The other values ‘mixedcase’ and ‘camelcase’ have hardly any valid usecases, they would only be included for a greater degree of completeness – or for humor.

> Third about width. What text-transform does is code point transformation and it doesn't deal with font properties. "fixed" and "proportional" are the font properties, so they should be done in CSS3 Fonts. "fullwidth" is Unicode code point transformation, so we have that here.

For an author it doesn’t matter much whether different glyphs or different characters are used to achieve the same desired visual result. Therefore those properties should be unified or closely connected, with code point transformation being the fallback for unavailable glyph switching.

> Last, accents. What are they used for? Do you have use cases? 

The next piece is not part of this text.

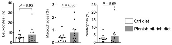 In terms of colon tumorigenesis, we found that the control diet and the Plenish oil-rich diet had similar effects on development of AOM/DSS-induced colon tumorigenesis in mice (Figure 1C,D). The tumor number, total tumor burden, and average tumor size of for control group vs. Plenish oil group was 3.9 ± 0.8 (mean ± SEM) vs. 4.5 ± 1.0 (p = 0.67), 7.6 ± 2.3 vs. 10.3 ± 5.0 (p = 0.89), and 1.6 ± 0.4 vs. 1.6 ± 0.7 (p = 0.98), respectively (Figure 1C).

In some orthographies diacritic marks are mandatory on lowercase letters, but (more or less) optional on uppercase letters. This, as far as I know, has mostly technical reasons:
1. (most) accents on lowercase letters, especially roman vowels, fit easily above the base glyph and below the capital height, e.g. on typewriters and in metal type sorts and
2. some typewriter and computer keyboard layouts, e.g. the Swiss one (French and German), only feature the lowercase accented letters and the uppercase only with dead keys or not at all.
Although no linguistic harm is done when accents remain on uppercasing, some people nowadays are accustomed to not seeing capitals with diacritics, for instance almost all German place names starting with an umlaut are written with uppercase vowel (base) followed by lowercase ‘e’ and I hear in non-France French accents on capitals are basically always omitted, but Unicode defines the case pair with accents of course.

> Also, as you can see in the current spec, text-transform relies on Unicode for the logic to transform, and I can't find what you wrote in Unicode spec. Will you please tell me if and where they're defined in Unicode?

I haven’t looked for it there yet, but I think it’s basically NFD (or NFKD?) with everything from U+0300–036F, U+1DC0–1DFF and perhaps U+20D0–20FF as well as some other script-specific combining accents removed. (Combining diacritics probably have a special tag, too, but I can never remember those.)

> If not, I'd prefer to see it defined in Unicode first, and then CSS refers the logic. Is this reasonable?

I’m not sure the Unicode consortium considers this to be in their scope, but if they would do (or have already done) it, that’s just as fine with me.

Received on Thursday, 17 March 2011 16:17:49 UTC